Neurosurg Focus 34 (6):E8, 2013
Imaging-guided surgery (IGS) systems are widely used in neurosurgical practice. During epilepsy surgery, the authors routinely use IGS landmarks to localize intracranial electrodes and/or specific brain regions. The authors have developed a technique to coregister these landmarks with pre- and postoperative scans and the Montreal Neurological Institute (MNI) standard space brain MRI to allow 1) localization and identification of tissue anatomy; and 2) identification of Brodmann areas (BAs) of the tissue resected during epilepsy surgery. Tracking tissue in this fashion allows for better correlation of patient outcome to clinical factors, functional neuroimaging findings, and pathological characteristics and molecular studies of resected tissue.
Methods. Tissue samples were collected in 21 patients. Coordinates from intraoperative tissue localization were downloaded from the IGS system and transformed into patient space, as defined by preoperative high-resolution T1-weighted MRI volume. Tissue landmarks in patient space were then transformed into MNI standard space for identification of the BAs of the tissue samples.

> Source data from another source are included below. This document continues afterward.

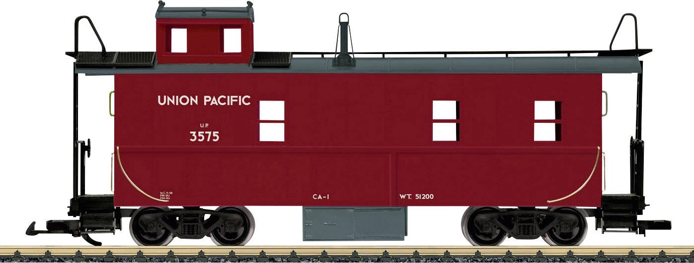 Modell eines Güterzugbegleitwagens Caboose wie er bis in die 50er-Jahre in allen Güterzügen eingesetzt wurde. Das Modell ist fein detailliert und mit einer vollständigen Inneneinrichtung ausgerüstet. Türen zum Öffnen. Metallradsätze, 2 Stück davon mit Kugellager zur Stromabnahme für die Innenbeleuchtung und die beleuchteten Schlusslaternen. Dem Wagen ist ein Stickerbogen mit Namenszügen und Wagennummern der Bahngesellschaften Union Pacific, Santa Fa, Southern Pacific, Pennsylvania Railroad und New York Central beigelegt, so dass der Wagen entsprechend beschriftet werden kann. Länge über Puffer 49 cm.
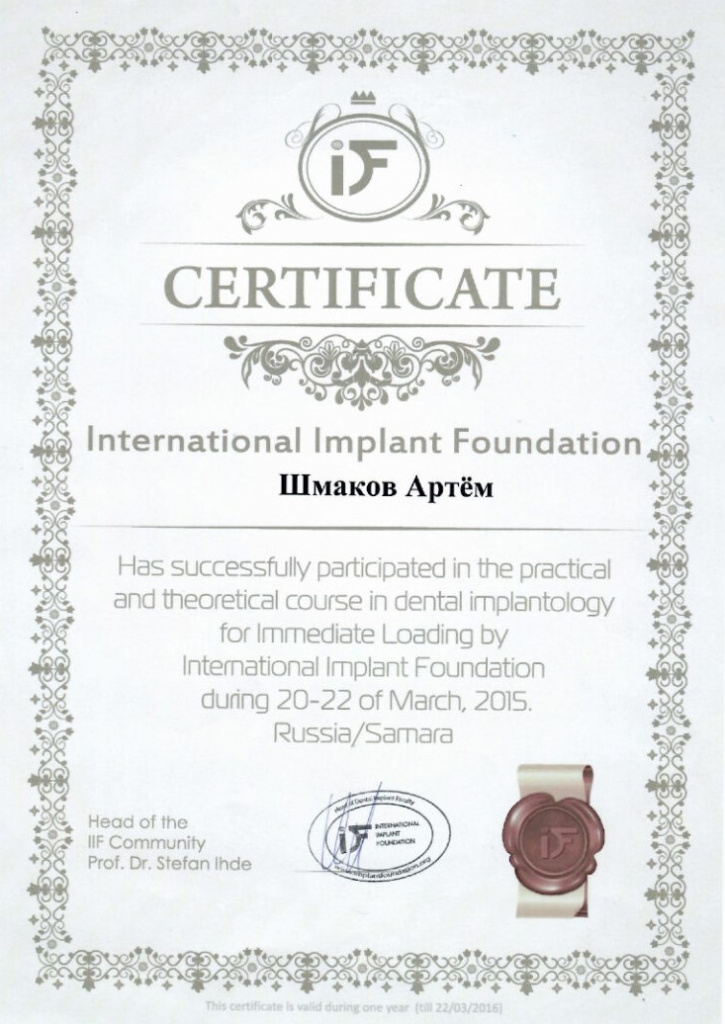2015г. — «Углубленный курс по базальной имплантации с немедленной нагрузкой Biomed», Россия;
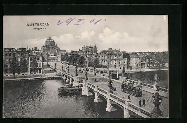 AK Amsterdam, Hoogesluis, Strassenbahn
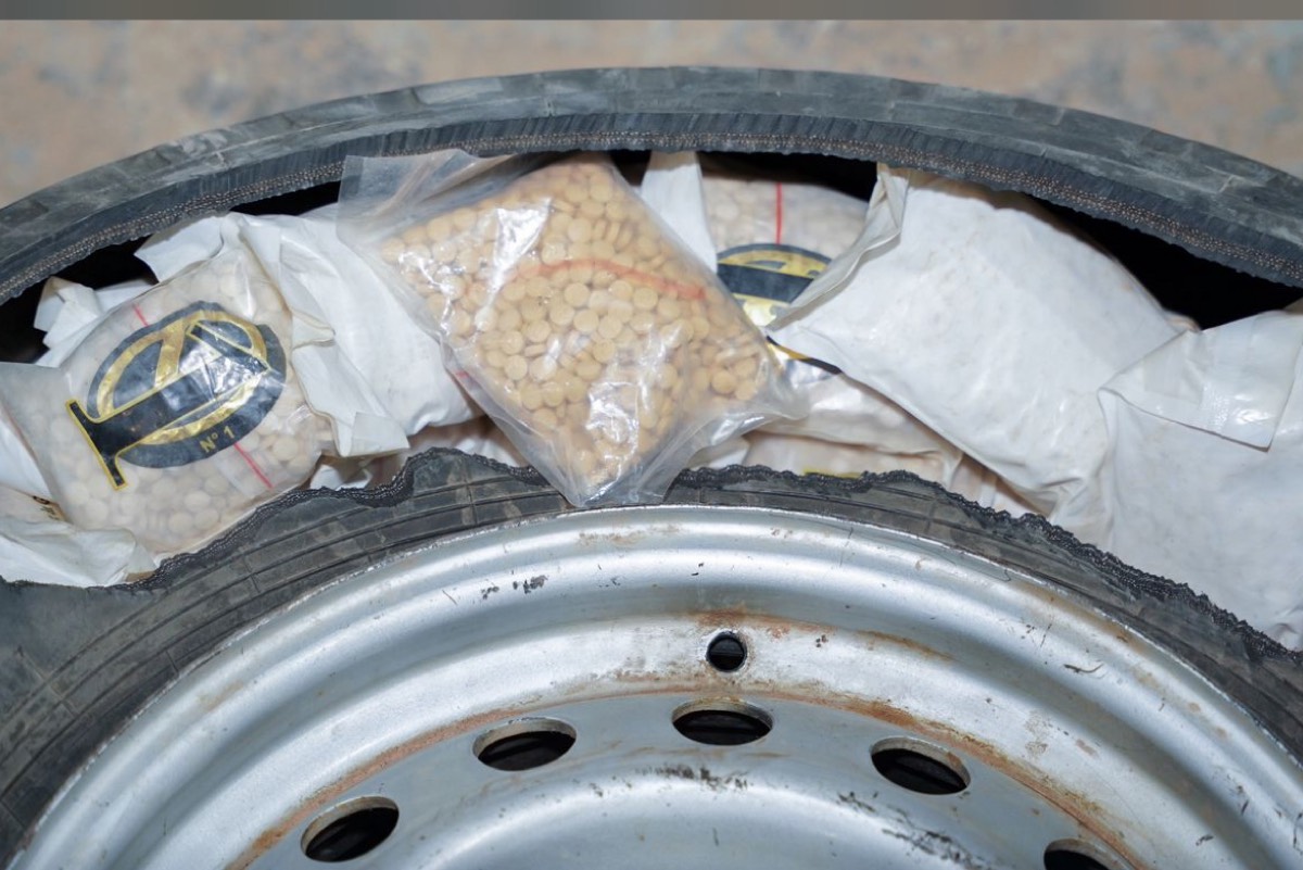 وأوضحت الهيئة أنه عند إجراء عملية الكشف والمعاينة لإحدى المركبات القادمة عبر منفذ الحديثة، عُثر على تلك الكمية من الحبوب مخبأة بداخل الإطار الاحتياطي وخزان وقود المركبة.

Results. Anatomical locations of resected tissue were identified from the intraoperative resection landmarks. The BAs were identified for 17 of the 21 patients. The remaining patients had abnormal brain anatomy that could not be meaningfully coregistered with the MNI standard brain without causing extensive distortion.
Conclusions. This coregistration and landmark tracking technique allows localization of tissue that is resected from patients with epilepsy and identification of the BAs for each resected region. The ability to perform tissue localization allows investigators to relate preoperative, intraoperative, and postoperative functional and anatomical brain imaging to better understand patient outcomes, improve patient safety, and aid in research.